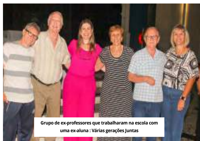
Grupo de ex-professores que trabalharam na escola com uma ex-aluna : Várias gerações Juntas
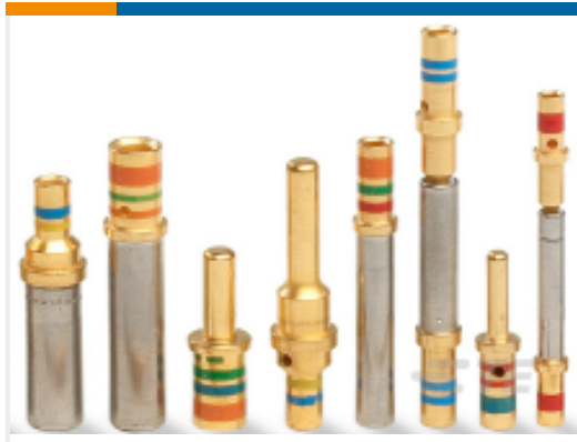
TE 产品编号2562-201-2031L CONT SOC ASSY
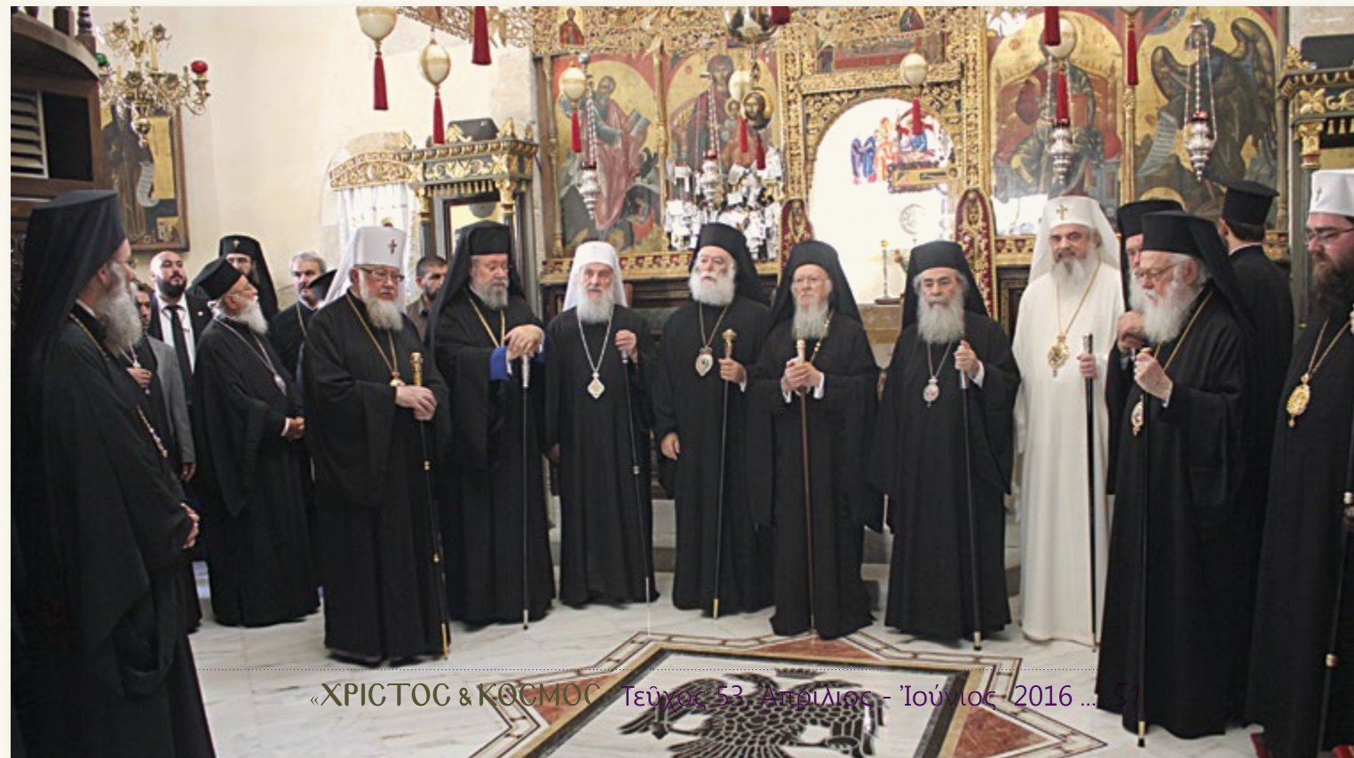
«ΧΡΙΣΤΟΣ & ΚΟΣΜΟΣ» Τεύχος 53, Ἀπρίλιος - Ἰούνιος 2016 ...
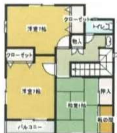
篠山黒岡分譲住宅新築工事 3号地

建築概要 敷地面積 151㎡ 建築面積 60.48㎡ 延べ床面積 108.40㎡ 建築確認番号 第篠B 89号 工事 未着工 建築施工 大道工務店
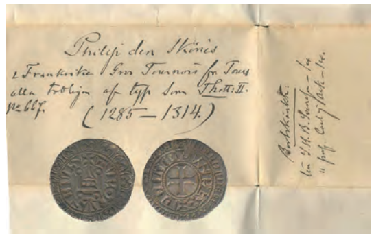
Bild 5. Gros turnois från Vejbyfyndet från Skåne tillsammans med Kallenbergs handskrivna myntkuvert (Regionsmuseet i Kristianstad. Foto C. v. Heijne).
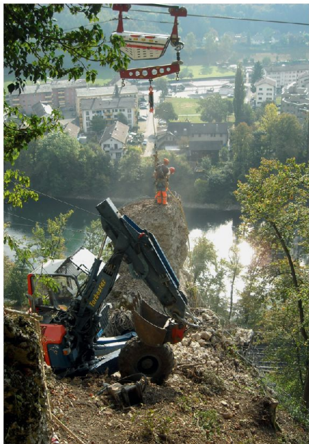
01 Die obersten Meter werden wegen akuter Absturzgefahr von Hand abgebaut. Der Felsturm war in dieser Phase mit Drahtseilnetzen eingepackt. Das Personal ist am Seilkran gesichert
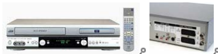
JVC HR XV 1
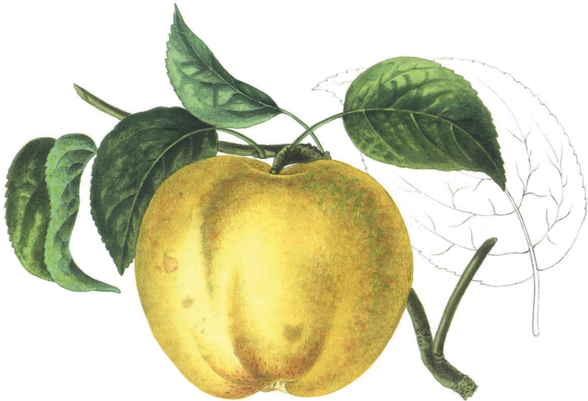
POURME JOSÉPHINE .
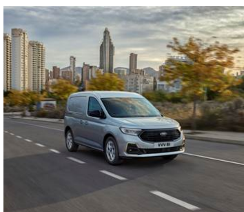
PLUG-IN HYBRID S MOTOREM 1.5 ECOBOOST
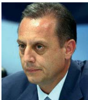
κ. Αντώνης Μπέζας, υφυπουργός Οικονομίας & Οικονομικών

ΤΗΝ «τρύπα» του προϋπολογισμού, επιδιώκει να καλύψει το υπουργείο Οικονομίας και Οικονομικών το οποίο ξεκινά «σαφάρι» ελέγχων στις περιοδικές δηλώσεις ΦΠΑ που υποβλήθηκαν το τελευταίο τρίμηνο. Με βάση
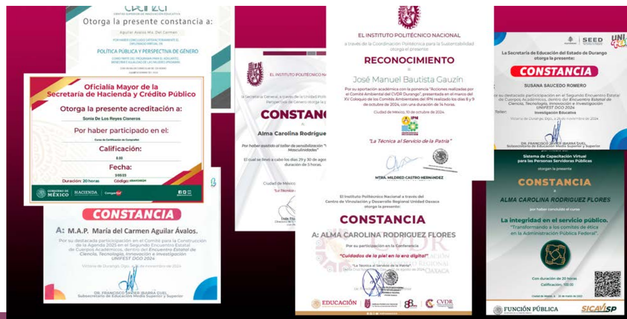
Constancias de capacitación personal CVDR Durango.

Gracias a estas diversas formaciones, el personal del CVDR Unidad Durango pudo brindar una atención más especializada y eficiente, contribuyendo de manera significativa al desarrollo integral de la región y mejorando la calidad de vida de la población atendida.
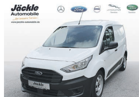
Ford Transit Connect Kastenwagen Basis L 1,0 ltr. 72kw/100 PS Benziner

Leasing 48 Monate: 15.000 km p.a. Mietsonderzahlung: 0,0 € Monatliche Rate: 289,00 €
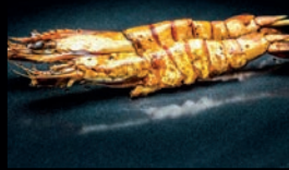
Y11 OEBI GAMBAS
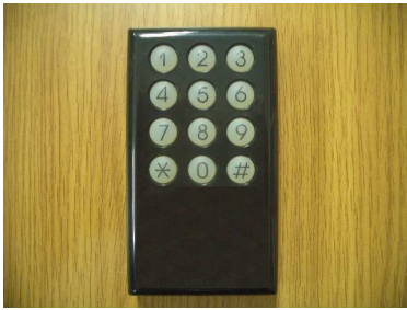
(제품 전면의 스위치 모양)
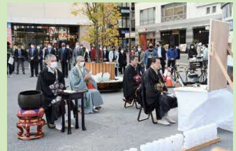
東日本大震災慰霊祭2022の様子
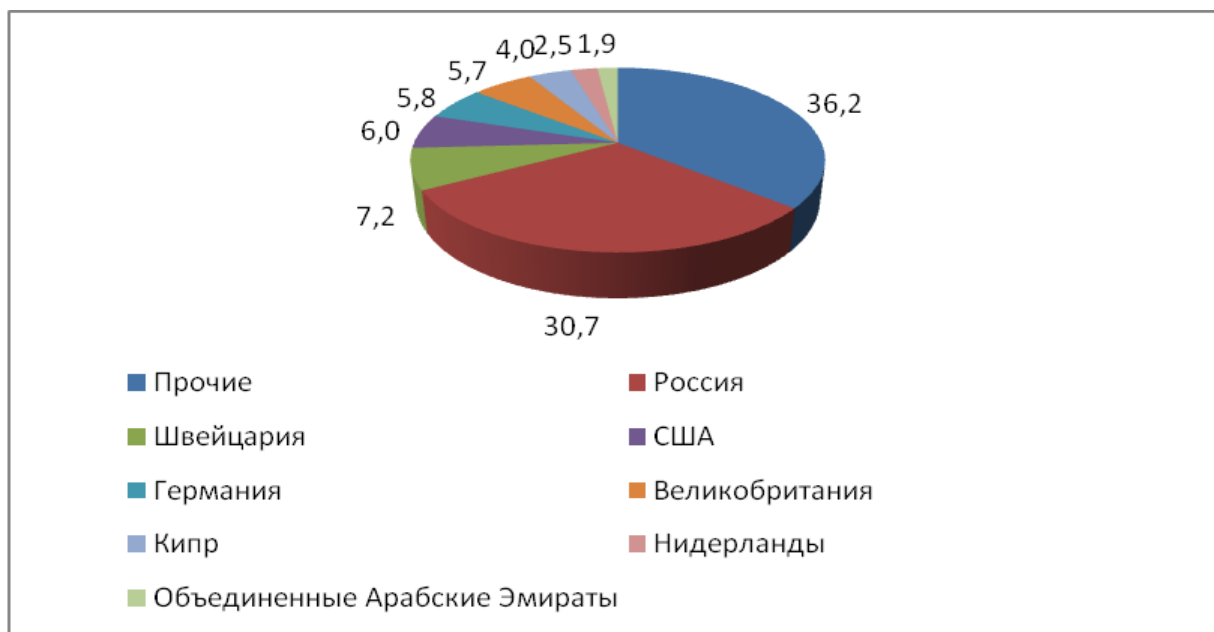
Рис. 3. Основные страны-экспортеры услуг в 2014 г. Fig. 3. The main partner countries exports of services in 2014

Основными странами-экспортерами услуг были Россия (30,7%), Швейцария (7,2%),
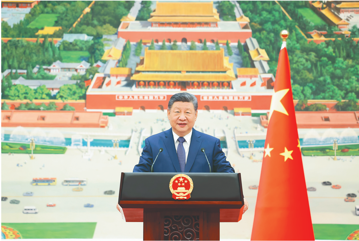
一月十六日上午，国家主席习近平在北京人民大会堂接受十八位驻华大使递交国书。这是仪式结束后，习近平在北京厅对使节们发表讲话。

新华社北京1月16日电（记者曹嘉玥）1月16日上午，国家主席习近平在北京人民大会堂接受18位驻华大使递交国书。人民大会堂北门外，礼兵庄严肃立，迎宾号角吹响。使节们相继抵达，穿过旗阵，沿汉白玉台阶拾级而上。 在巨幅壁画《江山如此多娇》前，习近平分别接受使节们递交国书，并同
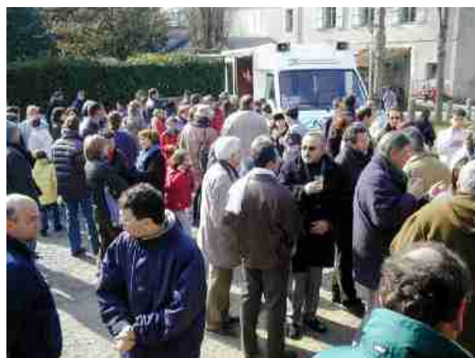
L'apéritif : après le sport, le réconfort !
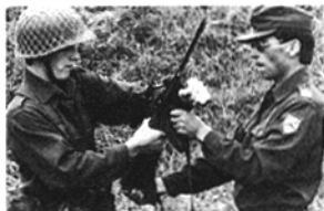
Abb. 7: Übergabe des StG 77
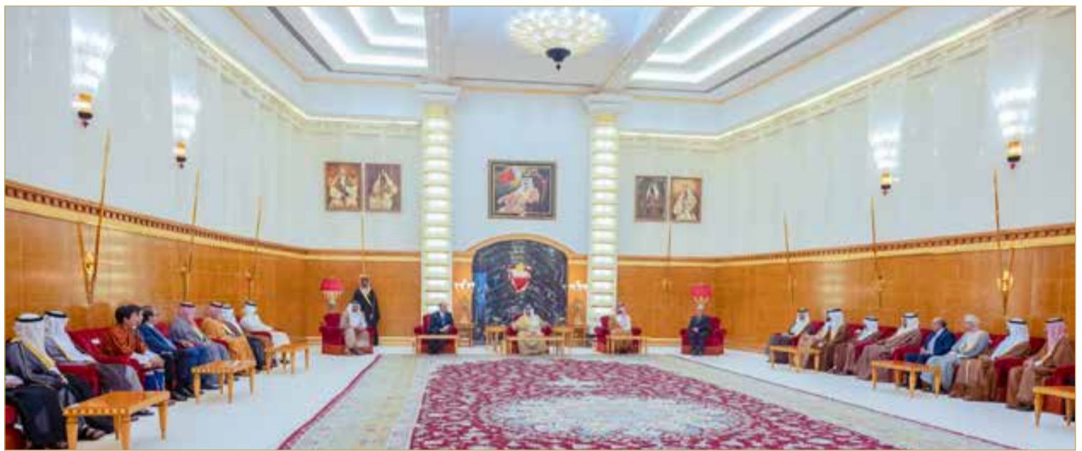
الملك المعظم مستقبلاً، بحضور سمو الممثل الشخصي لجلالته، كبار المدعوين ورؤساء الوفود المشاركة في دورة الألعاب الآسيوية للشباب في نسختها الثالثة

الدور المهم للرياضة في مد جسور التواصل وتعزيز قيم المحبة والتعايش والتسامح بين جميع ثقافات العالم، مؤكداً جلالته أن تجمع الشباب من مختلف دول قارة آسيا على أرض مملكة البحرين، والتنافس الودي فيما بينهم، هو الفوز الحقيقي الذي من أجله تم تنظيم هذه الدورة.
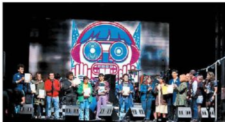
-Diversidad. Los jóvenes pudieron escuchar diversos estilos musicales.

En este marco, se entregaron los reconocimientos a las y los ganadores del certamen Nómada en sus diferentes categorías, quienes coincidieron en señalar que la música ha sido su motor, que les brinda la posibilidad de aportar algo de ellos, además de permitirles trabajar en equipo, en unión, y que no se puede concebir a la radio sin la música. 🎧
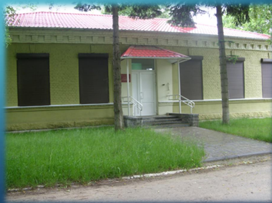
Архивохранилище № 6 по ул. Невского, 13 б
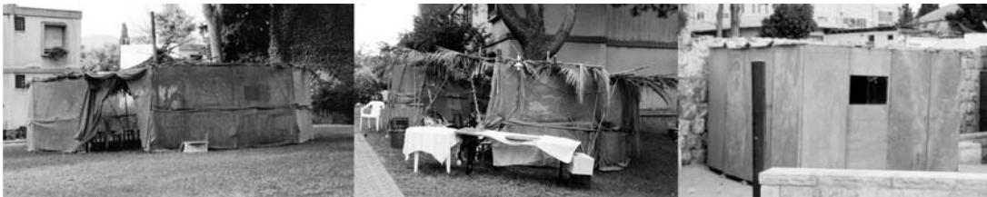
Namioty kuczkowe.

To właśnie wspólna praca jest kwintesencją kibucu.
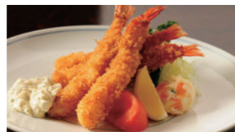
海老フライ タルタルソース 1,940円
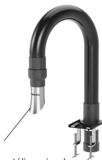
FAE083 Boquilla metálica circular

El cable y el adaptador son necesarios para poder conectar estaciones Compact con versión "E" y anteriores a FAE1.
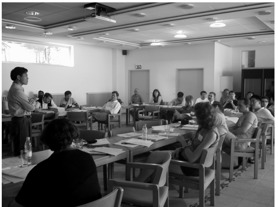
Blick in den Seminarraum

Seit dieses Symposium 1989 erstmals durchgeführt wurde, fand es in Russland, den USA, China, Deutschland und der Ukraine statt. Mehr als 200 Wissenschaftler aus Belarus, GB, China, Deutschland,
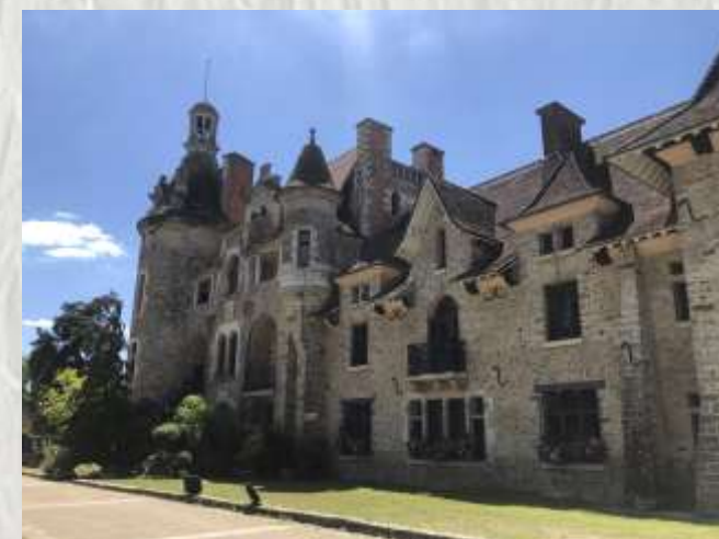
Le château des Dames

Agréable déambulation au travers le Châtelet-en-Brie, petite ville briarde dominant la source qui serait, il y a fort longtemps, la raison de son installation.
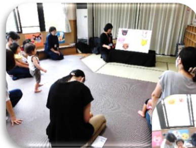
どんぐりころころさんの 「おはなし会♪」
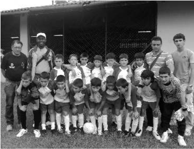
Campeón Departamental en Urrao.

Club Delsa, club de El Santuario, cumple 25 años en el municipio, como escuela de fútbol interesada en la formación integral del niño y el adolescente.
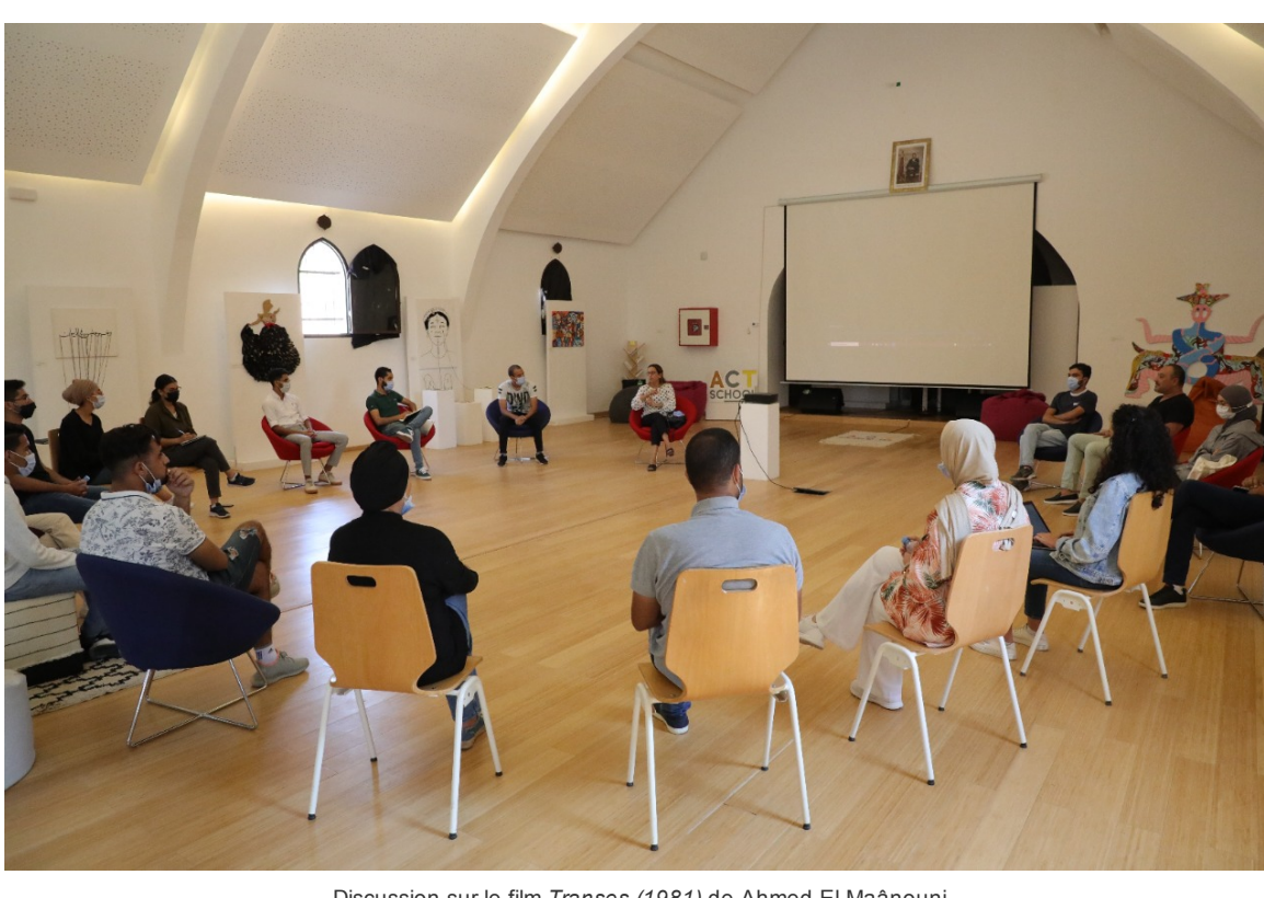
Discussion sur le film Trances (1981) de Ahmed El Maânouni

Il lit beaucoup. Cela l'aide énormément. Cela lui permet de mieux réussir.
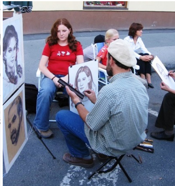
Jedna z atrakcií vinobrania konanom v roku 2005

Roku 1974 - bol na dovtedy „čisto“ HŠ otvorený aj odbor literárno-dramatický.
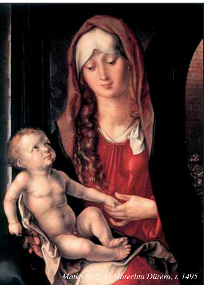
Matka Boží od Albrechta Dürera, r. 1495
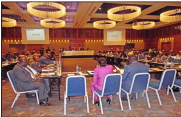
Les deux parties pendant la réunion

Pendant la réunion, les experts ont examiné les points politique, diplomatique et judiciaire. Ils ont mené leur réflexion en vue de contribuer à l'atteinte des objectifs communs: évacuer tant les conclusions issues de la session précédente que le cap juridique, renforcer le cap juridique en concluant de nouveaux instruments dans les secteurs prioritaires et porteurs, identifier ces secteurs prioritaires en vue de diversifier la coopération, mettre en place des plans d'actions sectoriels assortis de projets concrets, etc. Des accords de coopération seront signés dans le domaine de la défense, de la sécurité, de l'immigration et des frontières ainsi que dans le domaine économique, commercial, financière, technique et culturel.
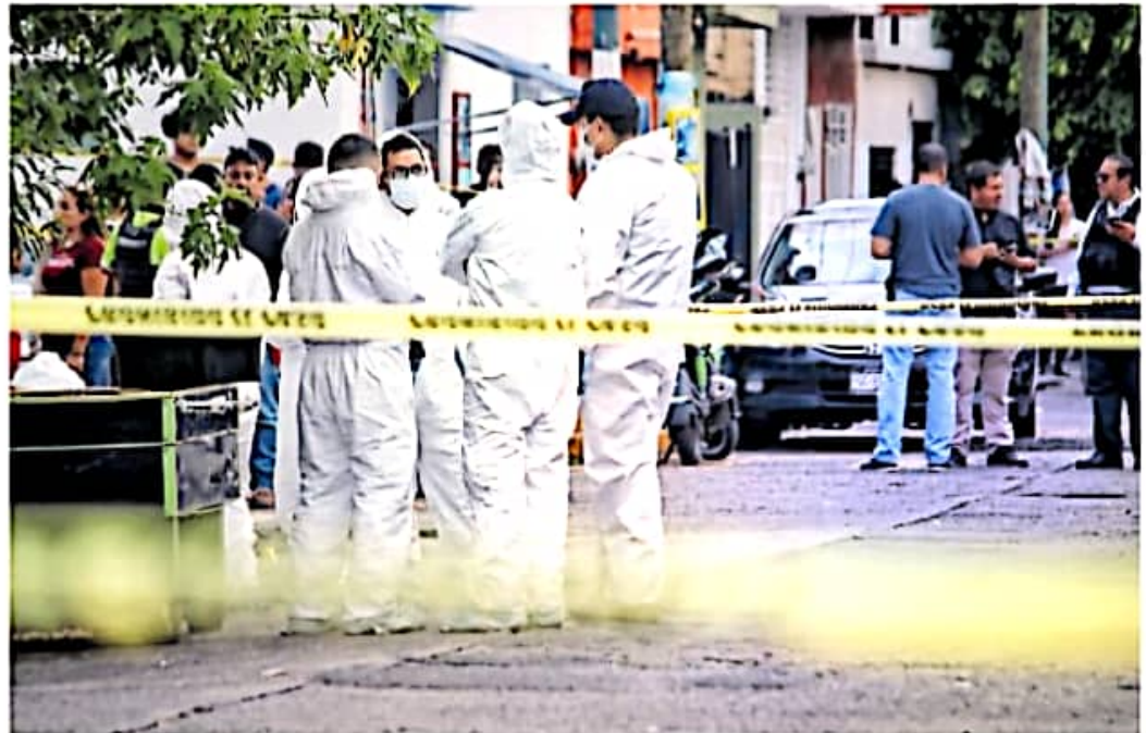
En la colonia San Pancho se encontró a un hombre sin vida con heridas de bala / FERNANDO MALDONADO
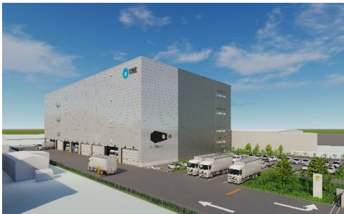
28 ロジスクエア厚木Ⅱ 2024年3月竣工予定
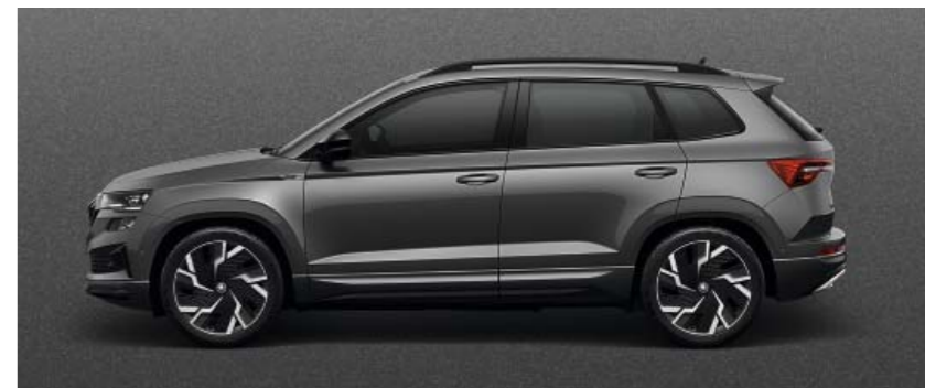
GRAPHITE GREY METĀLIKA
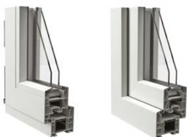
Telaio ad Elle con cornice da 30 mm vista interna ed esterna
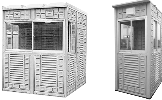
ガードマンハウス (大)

.....

What to work on => Repeat exactly the lines above, from the line that contains "Ford Transit Connect" down through the line that contains "Рис. 3. Основные". Include both of those lines and none of the pictures.

Result below =>
Ford Transit Connect Kastenwagen Basis L 1,0 ltr. 72kw/100 PS Benziner

Leasing 48 Monate: 15.000 km p.a. Mietsonderzahlung: 0,0 € Monatliche Rate: 289,00 €
Y11 OEBI GAMBAS
(제품 전면의 스위치 모양)
東日本大震災慰霊祭2022の様子
Рис. 3. Основные страны-экспортеры услуг в 2014 г. Fig. 3. The main partner countries exports of services in 2014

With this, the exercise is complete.